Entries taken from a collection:
◆ ◆ ◆ ◆ ◆ ◆ ◆

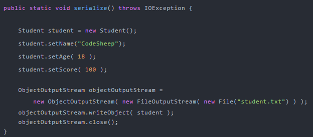 public static void serialize( ) throws IOException { Student student = new Student(); student.setName("CodeSheep"); student.setAge( 18 ); student.setScore( 1000 ); ObjectOutputStream objectOutputStream = new ObjectOutputStream( new FileOutputStream( new File("student.txt") ) ); objectOutputStream.writeObject( student ); objectOutputStream.close(); System.out.println("序列化成功!已经生成student.txt文件"); System.out.println("==============================================");}
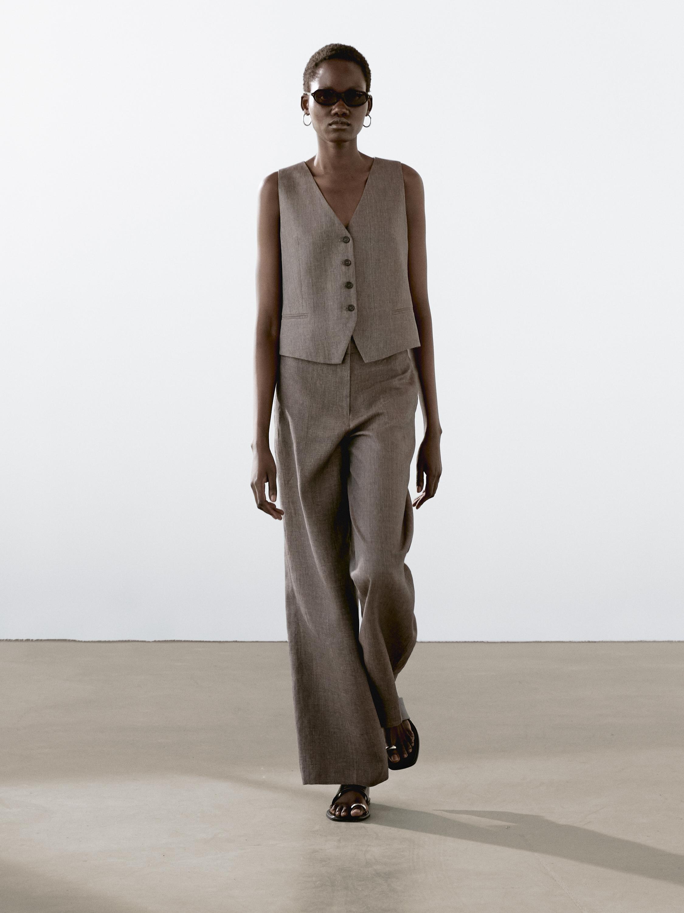 جاكيت فيست مصنوع 100% من قماش الكتان . فتحة صدر على شكل V . جيبين منسدلين. مبطن. متاح قطعة بلون مماثل.
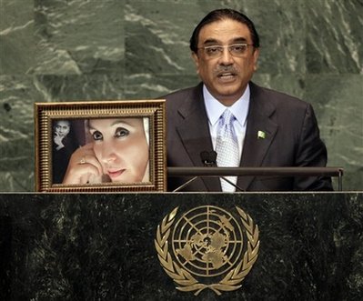 中新網(wǎng)9月27日電 巴基斯坦總統(tǒng)扎爾達(dá)里在聯(lián)合國大會(huì)上演講時(shí),把他的已故夫人貝-布托和岳父布托的照片擺上演講臺(tái),并吁請世界各國為巴國打擊恐怖主義和宗教極端主義提供更多協(xié)助。
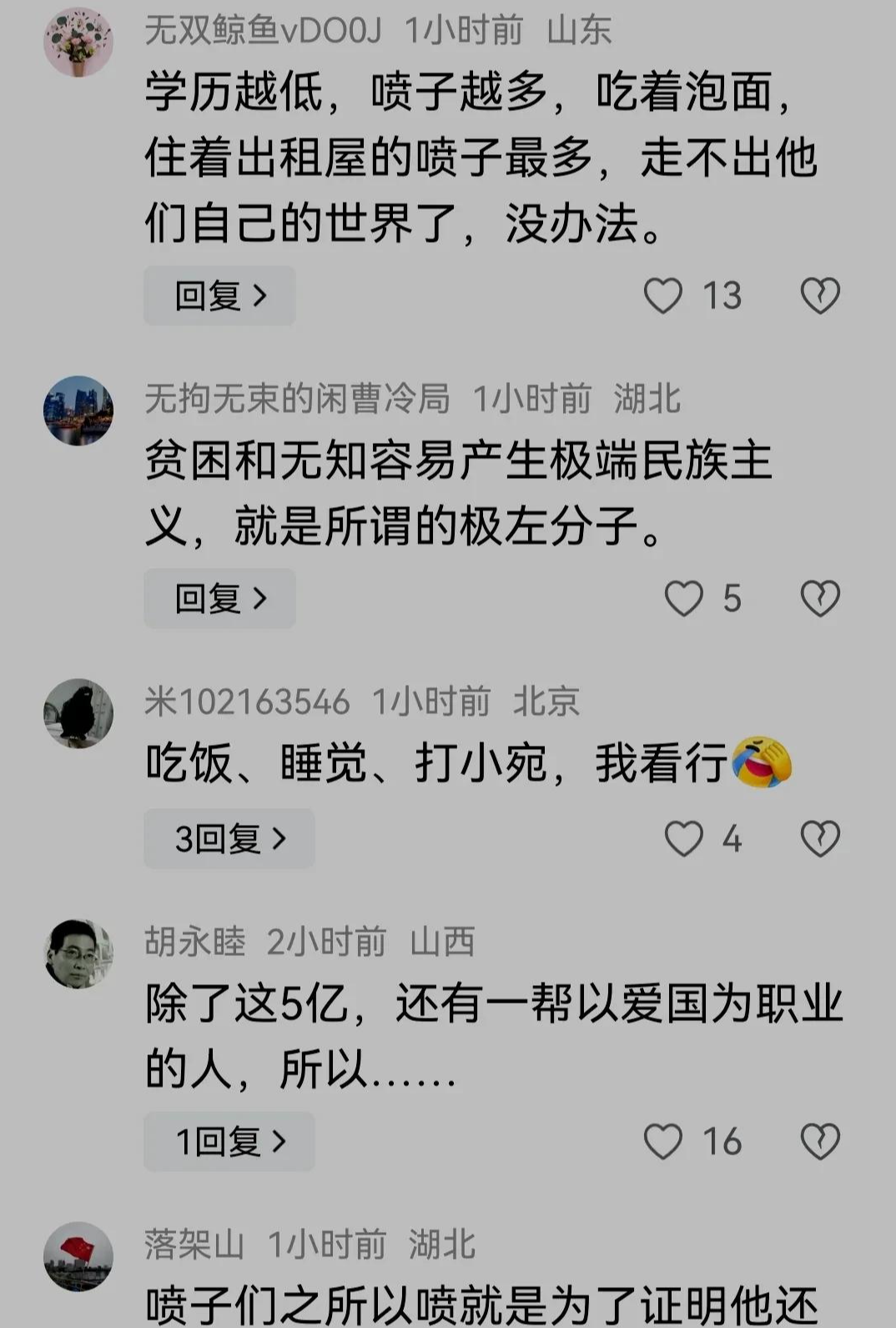 还有支持谢小宛老师的网友说,确实是这样的,学历越低喷子越多,吃着泡面住着出租屋的喷子最多。没办法,他们已经走不出自己的世界了。支持谢小宛的网友提醒,除了这5亿低学历,还有一帮以爱国为职业的人。所以,谢小宛要鼓足勇气,注意身体,和他们斗下去。
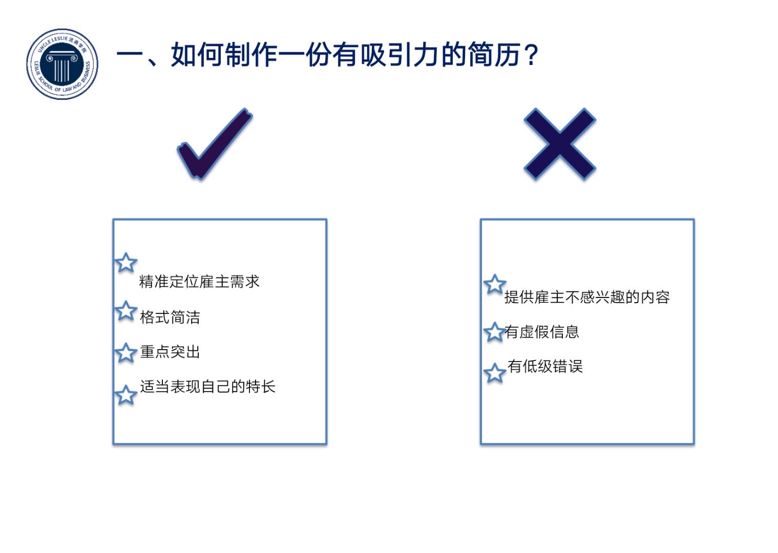 本次实战课程从“如何制作一份有吸引力的简历”和“面试应如何准备”两个方面进行。
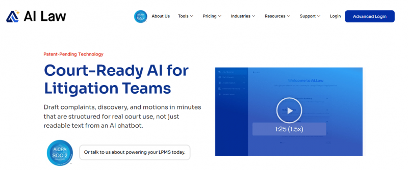 AI.Law focuses on generating court-ready documents from simple case facts. It addresses the time-consuming nature of legal drafting by automating pleadings, discovery, and analysis workflows. At its core, the platform translates unstructured inputs into fully structured legal documents aligned with jurisdictional requirements. It is used by law firms, in-house legal teams, and insurers.
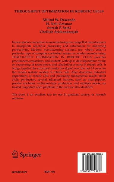 Intense global competition in manufacturing has compelled manufacturers to incorporate repetitive processing and automation for improving productivity. Modern manufacturing systems use robotic cells - a particular type of computer-controlled system in cellular manufacturing. Throughput optimization in robotic cells provides practitioners, researchers, and students with up-to-date algorithmic results on sequencing of robot moves and scheduling of parts in robotic cells. It brings together the structural results developed over the last 25 years for the various realistic models of robotic cells. After describing industrial applications of robotic cells and presenting fundamental results about cyclic production, several advanced features, such as dual-grippers, parallel machines, multi-part-type production, and multiple robots, are treated. Important open problems in the area are also identified.
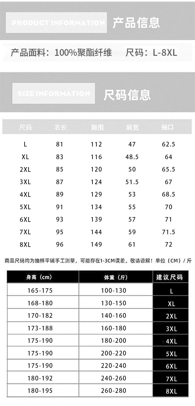 L, XL, XXL, XXXL, 4XL, 5XL, 6XL, 7XL, 8XL

◆ ◆ ◆ ◆ ◆ ◆ ◆

[Required work] Leave the pictures out, and restate exactly the lines from the start of the records through the one that contains "AI.Law focuses on".

[Exercise result]
 public static void serialize( ) throws IOException { Student student = new Student(); student.setName("CodeSheep"); student.setAge( 18 ); student.setScore( 1000 ); ObjectOutputStream objectOutputStream = new ObjectOutputStream( new FileOutputStream( new File("student.txt") ) ); objectOutputStream.writeObject( student ); objectOutputStream.close(); System.out.println("序列化成功!已经生成student.txt文件"); System.out.println("==============================================");}
 جاكيت فيست مصنوع 100% من قماش الكتان . فتحة صدر على شكل V . جيبين منسدلين. مبطن. متاح قطعة بلون مماثل.
 中新網(wǎng)9月27日電 巴基斯坦總統(tǒng)扎爾達(dá)里在聯(lián)合國大會(huì)上演講時(shí),把他的已故夫人貝-布托和岳父布托的照片擺上演講臺(tái),并吁請世界各國為巴國打擊恐怖主義和宗教極端主義提供更多協(xié)助。
 还有支持谢小宛老师的网友说,确实是这样的,学历越低喷子越多,吃着泡面住着出租屋的喷子最多。没办法,他们已经走不出自己的世界了。支持谢小宛的网友提醒,除了这5亿低学历,还有一帮以爱国为职业的人。所以,谢小宛要鼓足勇气,注意身体,和他们斗下去。
 本次实战课程从“如何制作一份有吸引力的简历”和“面试应如何准备”两个方面进行。
 AI.Law focuses on generating court-ready documents from simple case facts. It addresses the time-consuming nature of legal drafting by automating pleadings, discovery, and analysis workflows. At its core, the platform translates unstructured inputs into fully structured legal documents aligned with jurisdictional requirements. It is used by law firms, in-house legal teams, and insurers.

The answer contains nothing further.